AIM OF THE EXERCISE: Please return the listing exactly as it stands, skipping any pictures.

(DATA LISTING begins)

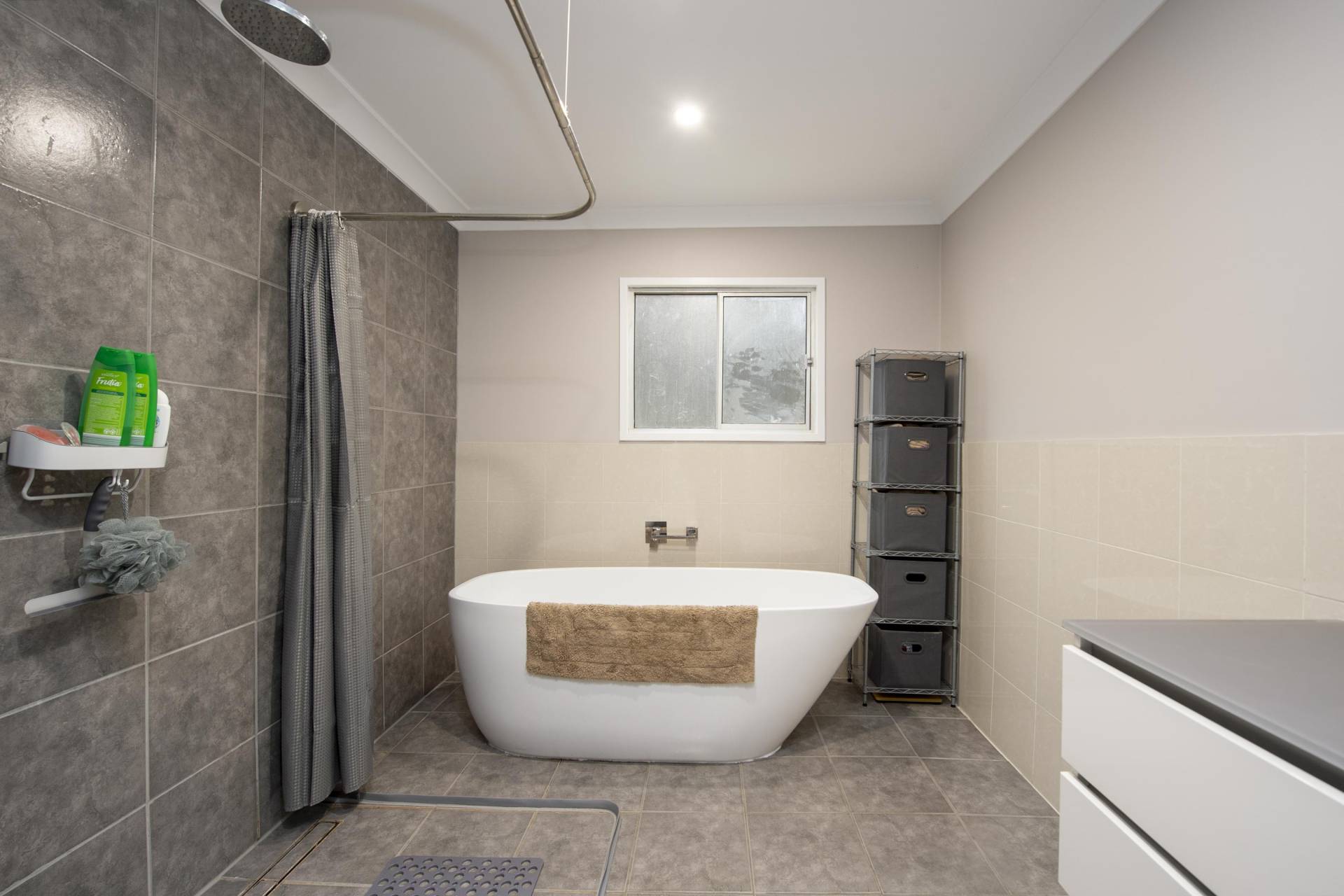 • Beautifully renovated bathroom with floor-to-ceiling tiles, stand-alone bath, and separate toilet
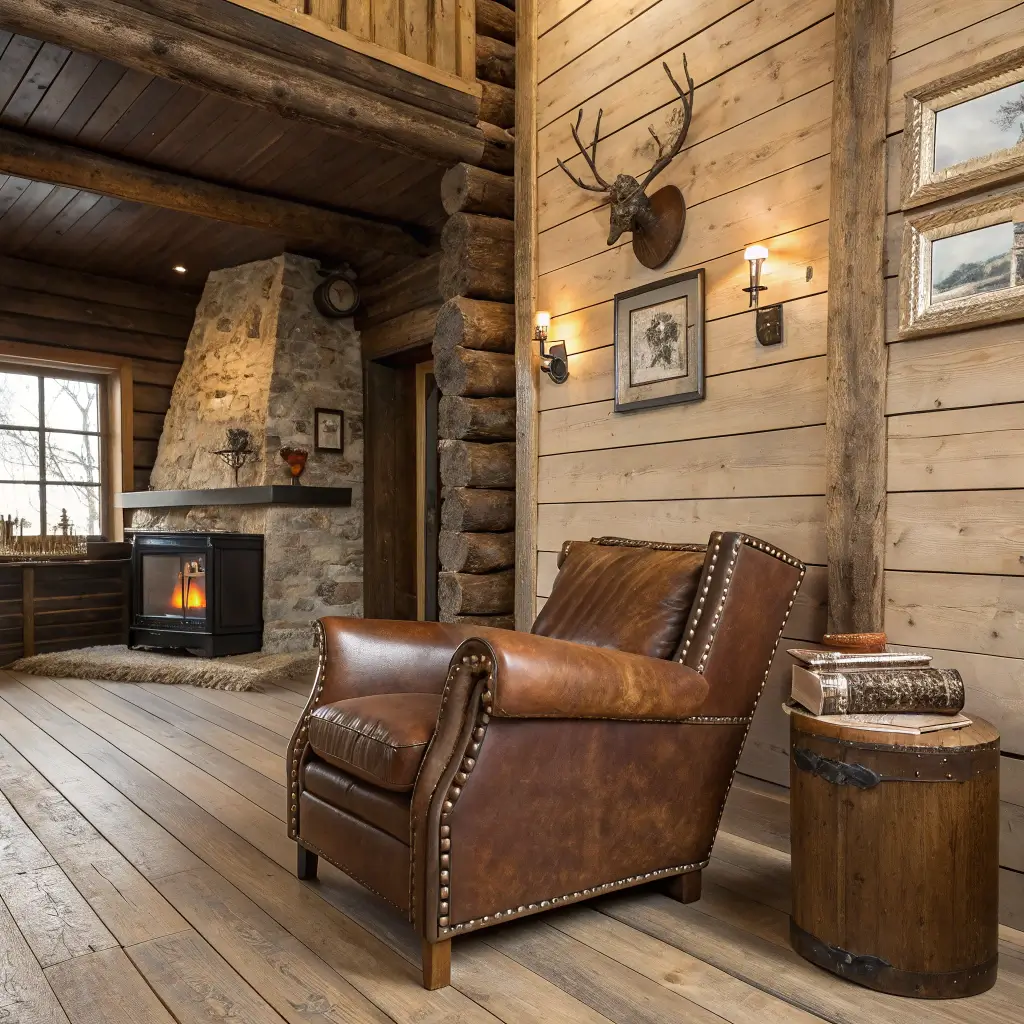 Start with warm wood tones everywhere—floors, furniture, even some wall paneling if you’re feeling ambitious. Add plaid patterns (but sparingly, we’re not lumberjacks), leather accents, and maybe a faux fur throw that screams “I could survive in the wilderness but choose not to.”
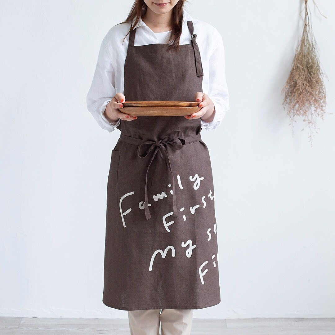 - ナチュラルな風合いが魅力の麻素材に大きなロゴがアクセント。長め丈なので長身さんや、ワンピースやロングスカートへの油はねが気になる方にオススメです。
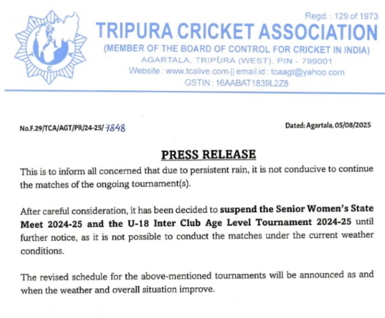 Agartala, Tripura, 5th of August, 2025 : Tripura Cricket Association (TCA) Statement – This is to inform all concerned that due to persistent rain, it is not conducive to continue the matches of the ongoing tournament(s). After careful consideration, it has been decided to suspend the Senior Women’s State Meet 2024-25 and the U-18 Inter Club Age Level Tournament 2024-25 until further notice, as it is not possible to conduct the matches under the current weather conditions. The revised schedule for the above-mentioned tournaments will be announced as and when the weather and overall situation improve.”
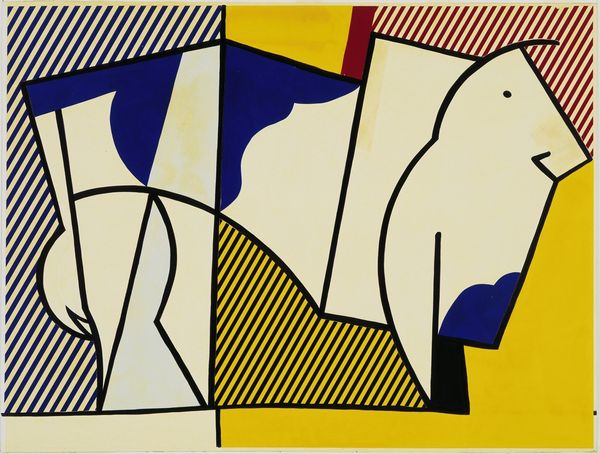 This is the center panel of Roy Lichtenstein's 'Cow Triptych', a screenprint made in 1982. Here, Lichtenstein reduces the familiar image of a cow into fragmented geometric forms. The cow, a symbol of fertility and nourishment throughout history, is broken down into its most basic visual components. This act echoes the ancient artistic impulse to abstract and simplify nature, reminiscent of cave paintings where animals were represented with bold, economical lines. The reduction to essential forms can also be seen in ancient Mycenaean art. The visual transformation of something as universally recognizable as a cow invites us to consider how we perceive and categorize the world around us. It's as if Lichtenstein is peeling back layers of cultural associations, stripping the cow of its sentimental value. This echoes our modern alienation from nature, a psychological separation reflected in the deconstruction of a classical, pastoral symbol. Lichtenstein captures an emotional tension between recognition and abstraction that engages us on a deeper level.
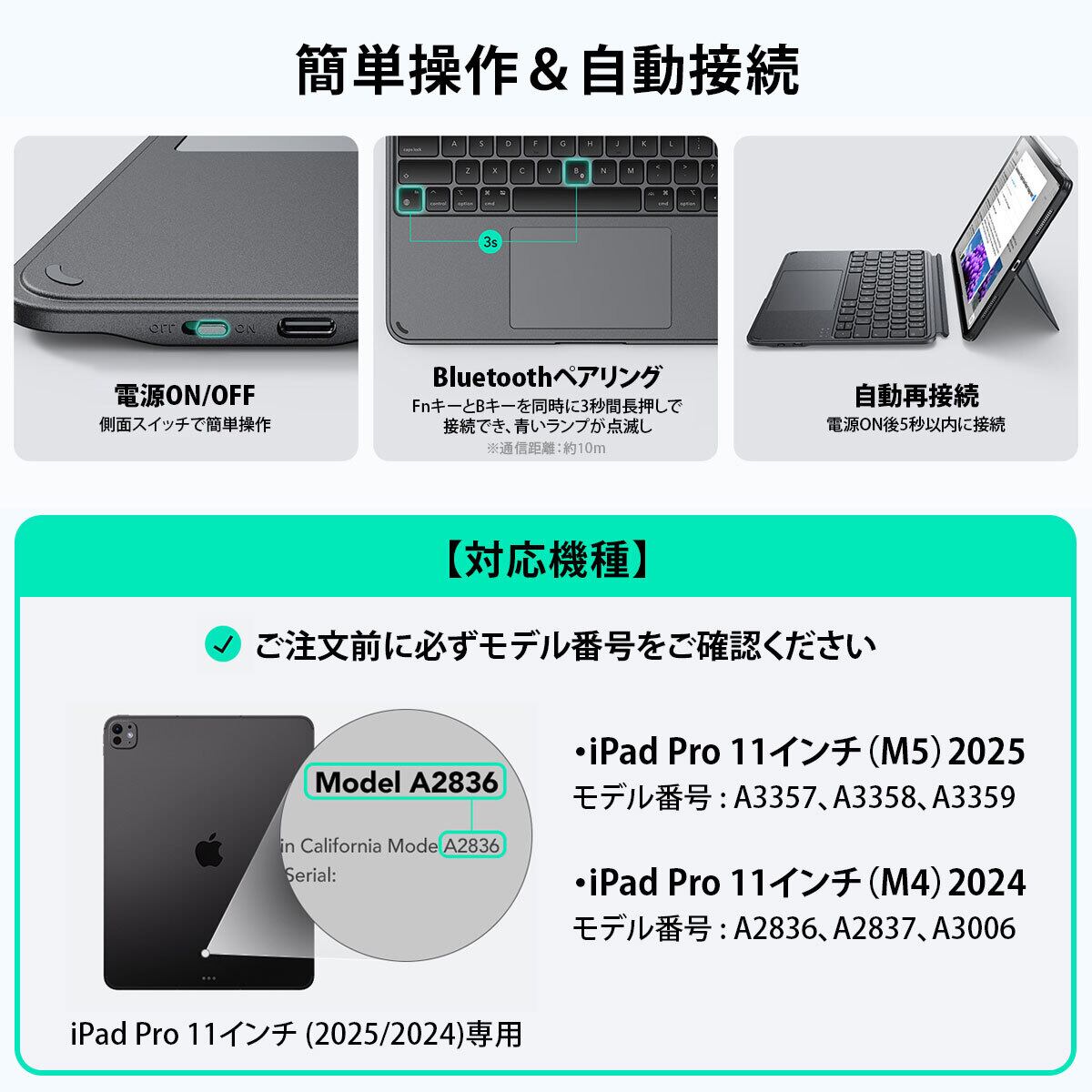 7月上旬発送予定 国内正規品 ESR SHIFT 着脱式キーボードケース for iPad Pro 11インチ (M5/M4)Bluetoothケース Apple Pencil収納 ES28488
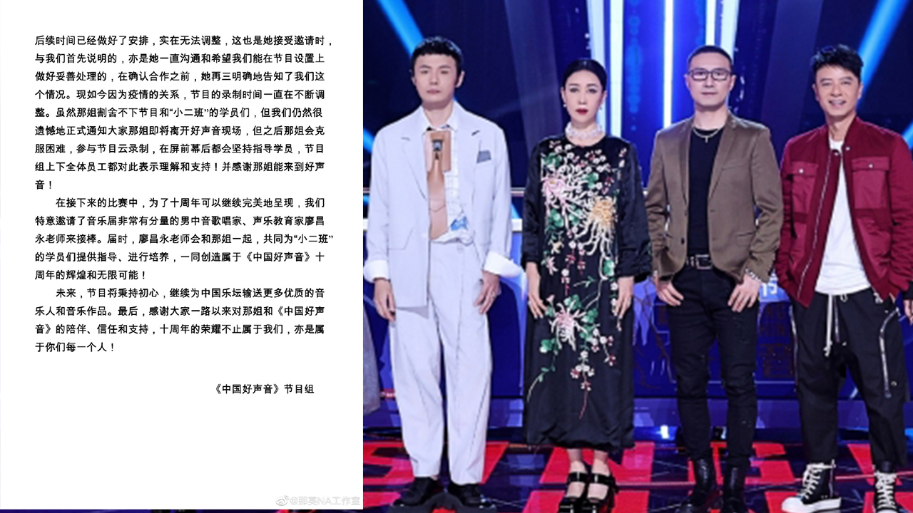 《中国好声音》节目组也在昨晚发表长文声明,证实那英有其他安排情况下,加上节目筹备过程因疫情发生变动,导致录影时间不断调整,那姐虽然答应回归,却只能参加盲选阶段。此次她无法走完全季,为了对学员负责,协助节目邀请知名的男中音廖昌永接棒,自己则以“云录制”的方式参与。
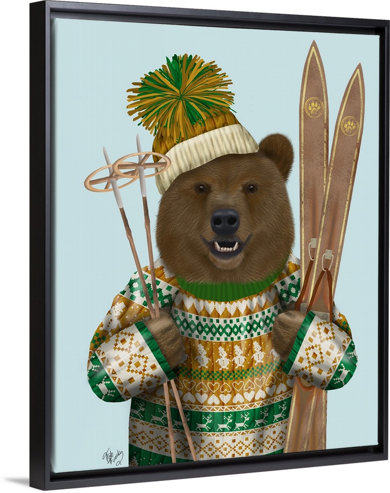 Art Blue Wall Art Decorative Art Fab Funky Graphic Art Painting Sports Skiing Surrealism Wildlife Bear
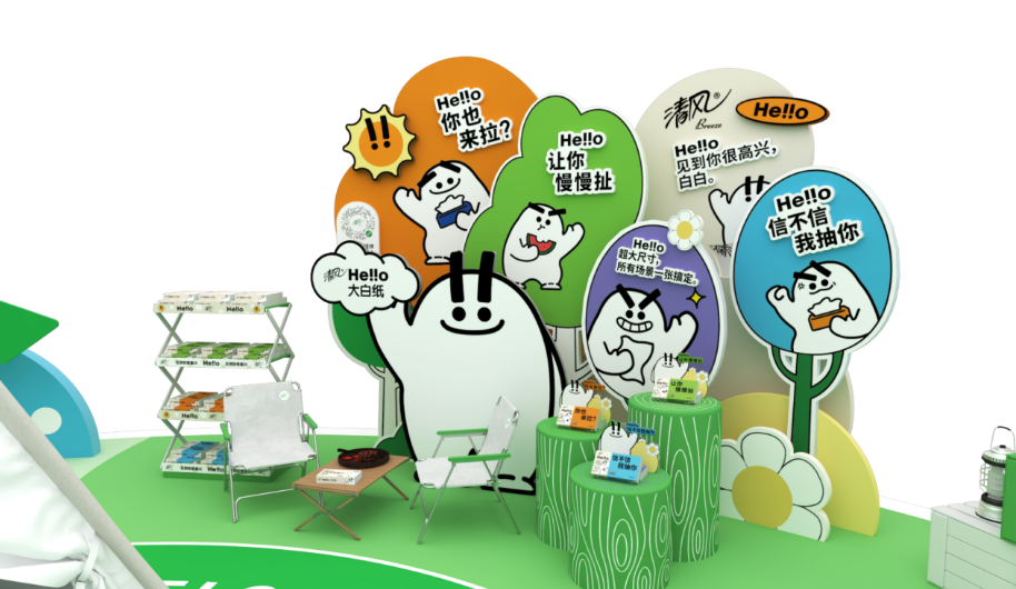 在打卡点,用户不仅能够一站式了解到清风品牌的各大品类产品,体验到现场客服的专属服务,同时在品牌文化区,还能深入感知清风“以林养纸,以纸促林,林纸结合”的可持续发展理念与态度,让年轻用户深入感受到绿色低碳生活方式的优越性,在感受自在露营野趣的同时,进一步激发消费者保护自然、绿色生活的环保意识。

(DATA LISTING ends)

RESPONSE FOR THIS EXERCISE:
 • Beautifully renovated bathroom with floor-to-ceiling tiles, stand-alone bath, and separate toilet
 Start with warm wood tones everywhere—floors, furniture, even some wall paneling if you’re feeling ambitious. Add plaid patterns (but sparingly, we’re not lumberjacks), leather accents, and maybe a faux fur throw that screams “I could survive in the wilderness but choose not to.”
 - ナチュラルな風合いが魅力の麻素材に大きなロゴがアクセント。長め丈なので長身さんや、ワンピースやロングスカートへの油はねが気になる方にオススメです。
 Agartala, Tripura, 5th of August, 2025 : Tripura Cricket Association (TCA) Statement – This is to inform all concerned that due to persistent rain, it is not conducive to continue the matches of the ongoing tournament(s). After careful consideration, it has been decided to suspend the Senior Women’s State Meet 2024-25 and the U-18 Inter Club Age Level Tournament 2024-25 until further notice, as it is not possible to conduct the matches under the current weather conditions. The revised schedule for the above-mentioned tournaments will be announced as and when the weather and overall situation improve.”
 This is the center panel of Roy Lichtenstein's 'Cow Triptych', a screenprint made in 1982. Here, Lichtenstein reduces the familiar image of a cow into fragmented geometric forms. The cow, a symbol of fertility and nourishment throughout history, is broken down into its most basic visual components. This act echoes the ancient artistic impulse to abstract and simplify nature, reminiscent of cave paintings where animals were represented with bold, economical lines. The reduction to essential forms can also be seen in ancient Mycenaean art. The visual transformation of something as universally recognizable as a cow invites us to consider how we perceive and categorize the world around us. It's as if Lichtenstein is peeling back layers of cultural associations, stripping the cow of its sentimental value. This echoes our modern alienation from nature, a psychological separation reflected in the deconstruction of a classical, pastoral symbol. Lichtenstein captures an emotional tension between recognition and abstraction that engages us on a deeper level.
 7月上旬発送予定 国内正規品 ESR SHIFT 着脱式キーボードケース for iPad Pro 11インチ (M5/M4)Bluetoothケース Apple Pencil収納 ES28488
 《中国好声音》节目组也在昨晚发表长文声明,证实那英有其他安排情况下,加上节目筹备过程因疫情发生变动,导致录影时间不断调整,那姐虽然答应回归,却只能参加盲选阶段。此次她无法走完全季,为了对学员负责,协助节目邀请知名的男中音廖昌永接棒,自己则以“云录制”的方式参与。
 Art Blue Wall Art Decorative Art Fab Funky Graphic Art Painting Sports Skiing Surrealism Wildlife Bear
 在打卡点,用户不仅能够一站式了解到清风品牌的各大品类产品,体验到现场客服的专属服务,同时在品牌文化区,还能深入感知清风“以林养纸,以纸促林,林纸结合”的可持续发展理念与态度,让年轻用户深入感受到绿色低碳生活方式的优越性,在感受自在露营野趣的同时,进一步激发消费者保护自然、绿色生活的环保意识。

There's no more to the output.